The syntax of using the grep command is as follows:

grep [OPTIONS] PATTERN [FILE...]

Here, FILE can be multiple files for a search. If no file is given as an input for a search, it will search the standard input.

PATTERN can be any valid regular expression. Put PATTERN within single quotes (') or double quotes (") as per need. For example, use single quotes (') to avoid any bash expansion and double quotes (") for expansion.

A lot of OPTIONS are available in grep. Some of the important and widely used options are discussed in the following table:

Option

Usage

-i

This enforces case insensitive match in both pattern and input file(s)

-v

This displays the non-matching line

-o

This displays only the matched part in the matching line

-f FILE

This obtains a pattern from a file, one per line

-e PATTERN

This specifies multiple search pattern

-E

This considers pattern as an extended regex (egrp)

-r

This reads all the files in a directory recursively, excluding resolving of symbolic links unless explicitly specified as an input file

-R

This reads all the files in a directory recursively and resolving symbolic if any

-a

This processes binary file as a text file

-n

This prefixes each matched line along with a line number

-q

Don't print anything on stdout

-s

Don't print error messages

-c

This prints the count of matching lines of each input file

-A NUM

This prints NUM lines after the actual string match. (No effect with the -o option)

-B NUM

This prints NUM lines before the actual string match. (No effect with the -o option)

-C NUM

This prints NUM lines after and before the actual string match. (No effect with the -o option)

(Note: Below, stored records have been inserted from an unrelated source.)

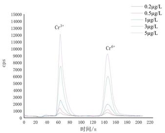 依次進(jìn)樣測(cè)試0.2 μg/L、0.5 μg/L、1 μg/L、3 μg/L、5 μg/L Cr3+和Cr6+混合標(biāo)準(zhǔn)溶液,分離度R>1.5,完全分離。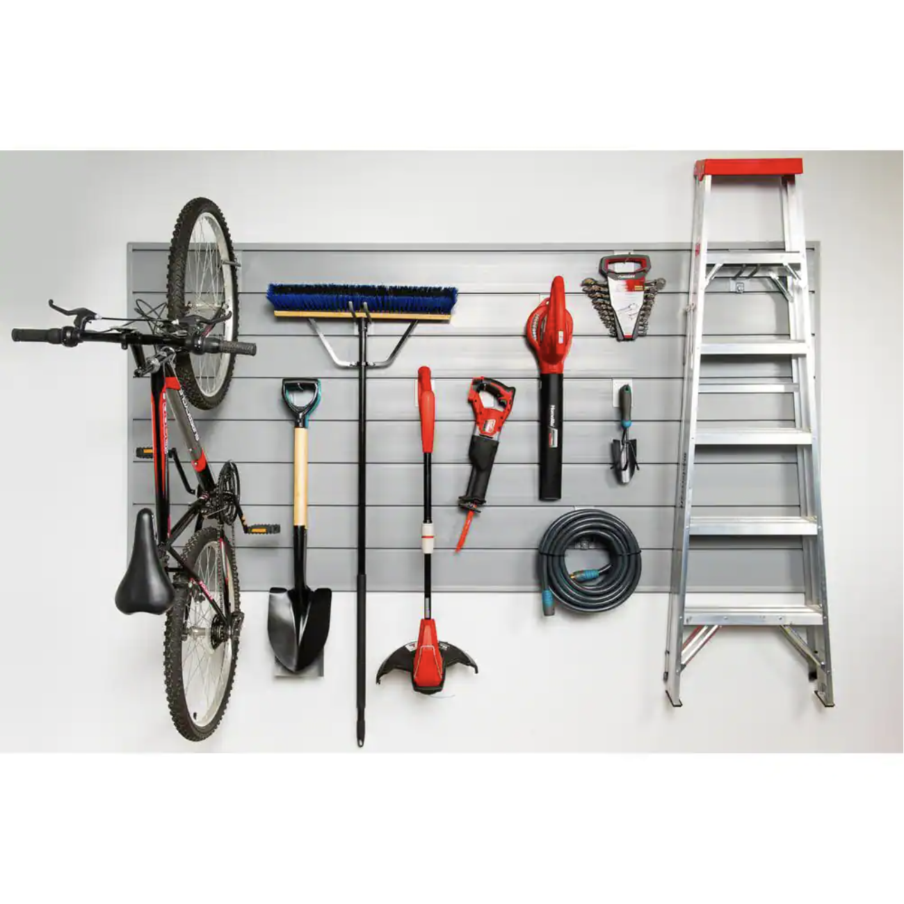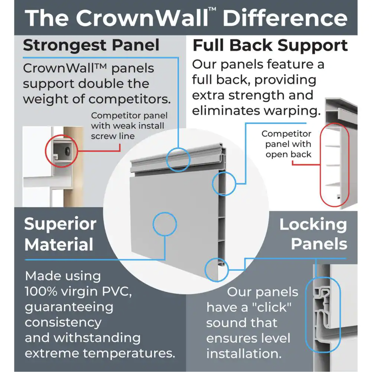 Crownwall 48 in. H x 96 in. W Starter Bundle PVC Slatwall Panel Set with Locking Hook Kit in Sandstone (10-Piece)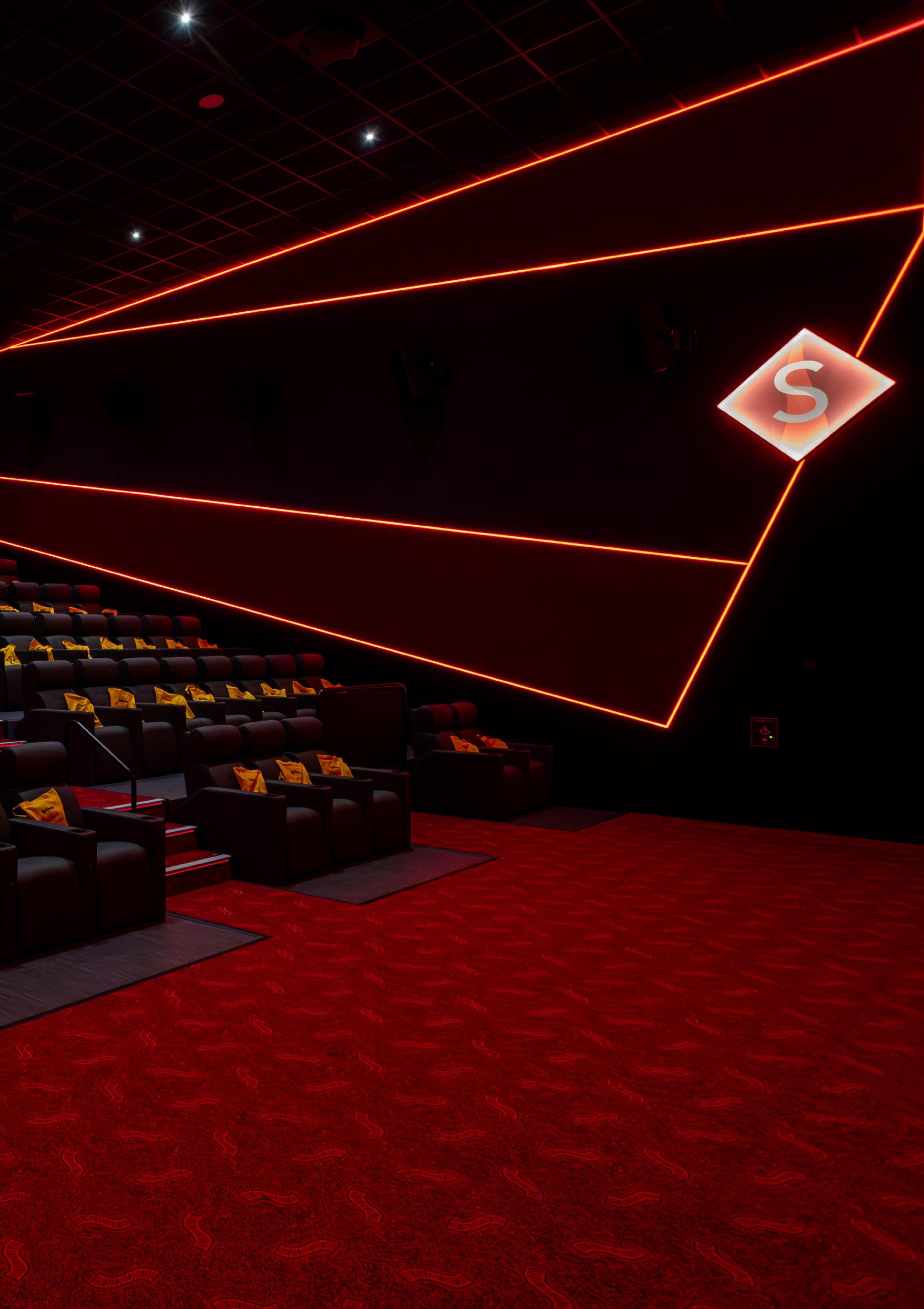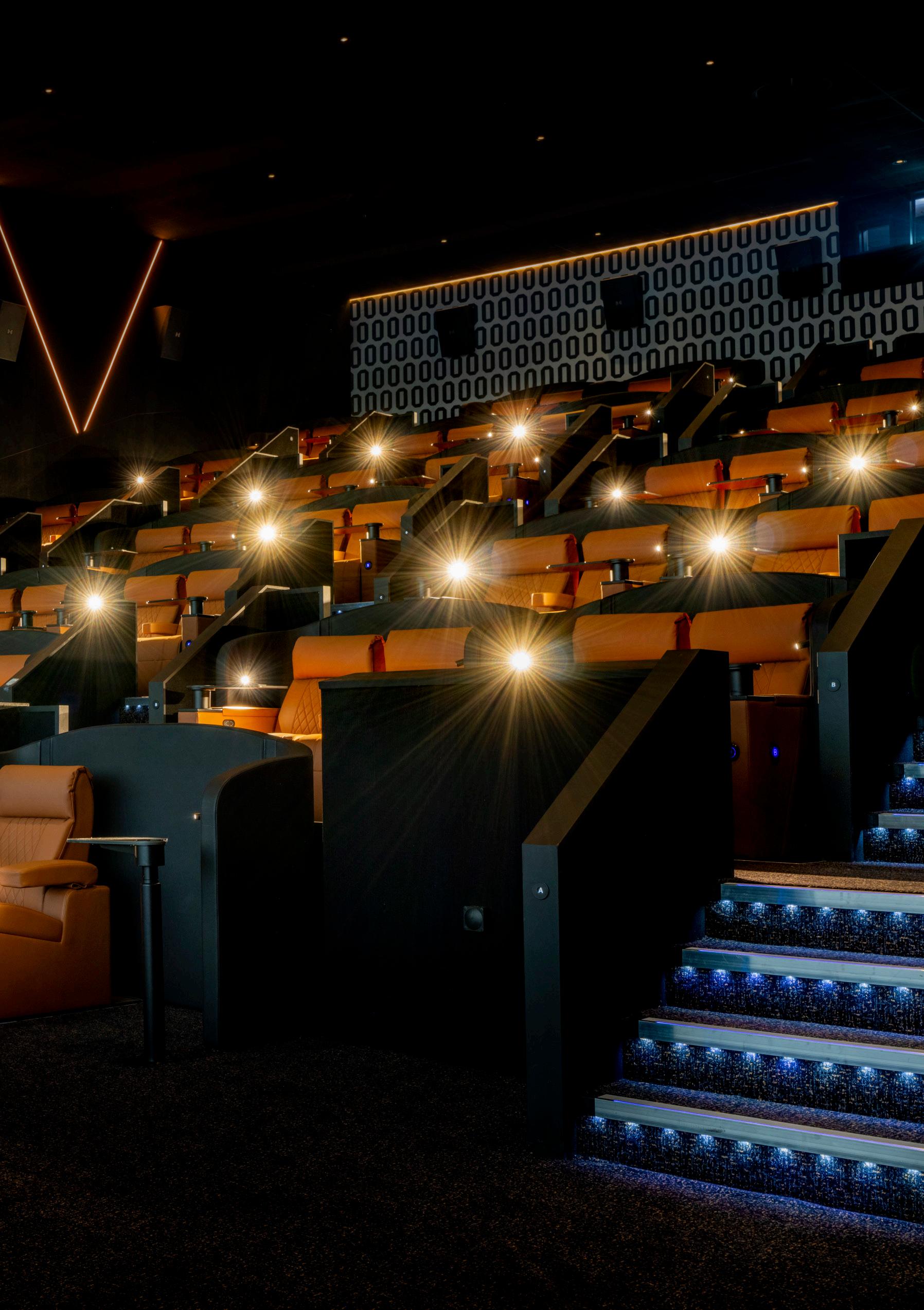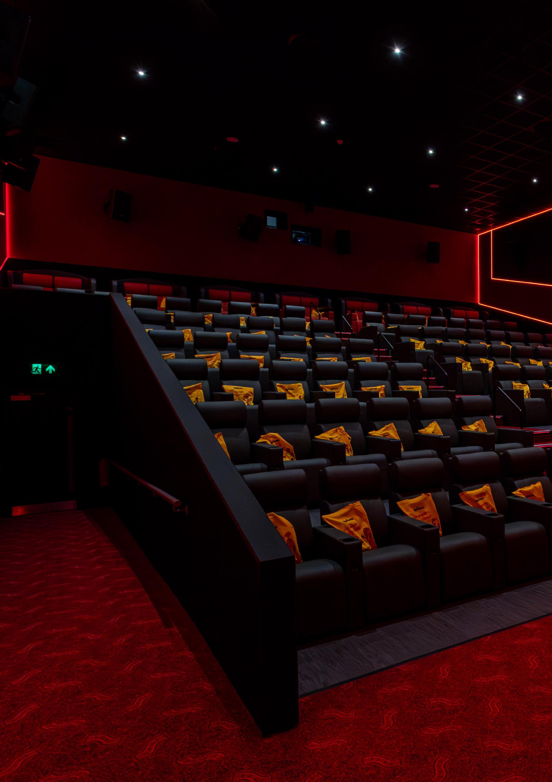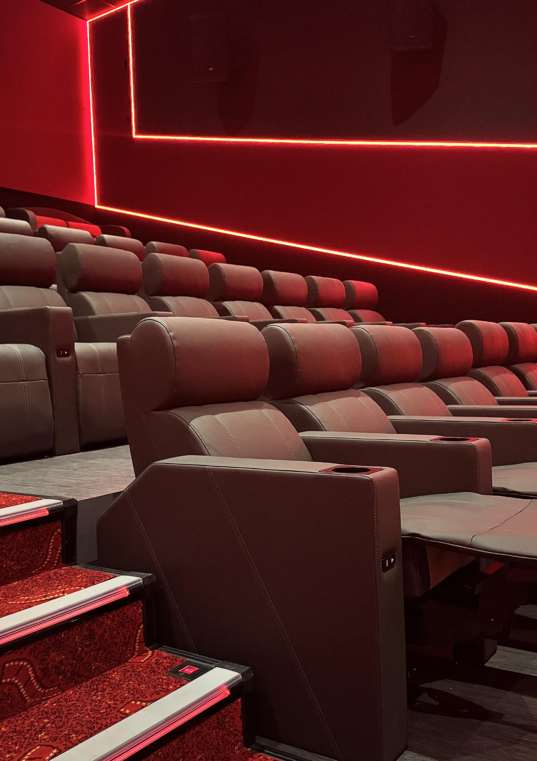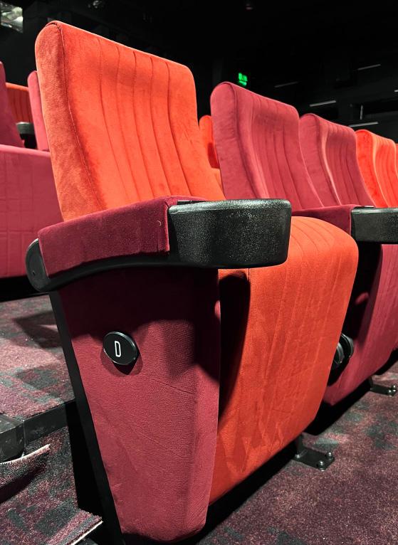 Each auditorium features its own identity through a curated colour palette, using plush, durable upholstery that adds warmth, luxury, and visual appeal. Flame-retardant and abrasion-resistant finishes were selected for long-term performance, while embroidered seat numbers and aisle markers subtly elevate the overall look and functionality. The deliberate reduction in capacity prioritises spaciousness, accessibility, and premium comfort reflecting a shift toward quality of experience rather than quantity of seats. The result is a cinema that feels intimate, thoughtfully designed, and purpose-built for modern audiences.

Looking for a pattern in a file

A lot of times we have to search for a given string or a pattern in a file. The grep command provides us the capability to do it in a single line. Let's see the following example:

The input file for our example will be input1.txt:

$ cat input1.txt  # Input file for our example
This file is a text file to show demonstration
of grep command. grep is a very important and
powerful command in shell.
This file has been used in chapter 2

We will try to get the following information from the input1.txt file using the grep command:

  • Number of lines
  • Line starting with a capital letter
  • Line ending with a period (.)
  • Number of sentences
  • Searching sub-string sent lines that don't have a periodNumber of times the string file is used

The following shell script demonstrates how to do the above mentioned tasks:

#!/bin/bash
#Filename: pattern_search.sh
#Description: Searching for a pattern using input1.txt file

echo "Number of lines = `grep -c '.*' input1.txt`"
echo "Line starting with capital letter:"
grep -c ^[A-Z].* input1.txt
echo
echo "Line ending with full stop (.):"
grep '.*.$' input1.txt
echo
echo -n "Number of sentence = "
grep -c '.' input1.txt
echo "Strings matching sub-string sent:"
grep -o "sent" input1.txt
echo
echo "Lines not having full stop are:"
grep -v '.' input1.txt
echo
echo -n "Number of times string file used: = "
grep -o "file" input1.txt | wc -w

The output after running the pattern_search.sh shell script will be as follows:

Number of lines = 4
Line starting with capital letter:
2

Line ending with full stop (.):
powerful command in shell.

Number of sentence = 2
Strings matching sub-string sent:

Lines not having full stop are:
This file is a text file to show demonstration
This file has been used in chapter 2

Number of times string file used: = 3

Looking for a pattern in multiple files

The grep command also allows us to search for a pattern in multiple files as an input. To explain this in detail, we will head directly to the following example:

The input files, in our case, will be input1.txt and input2.txt.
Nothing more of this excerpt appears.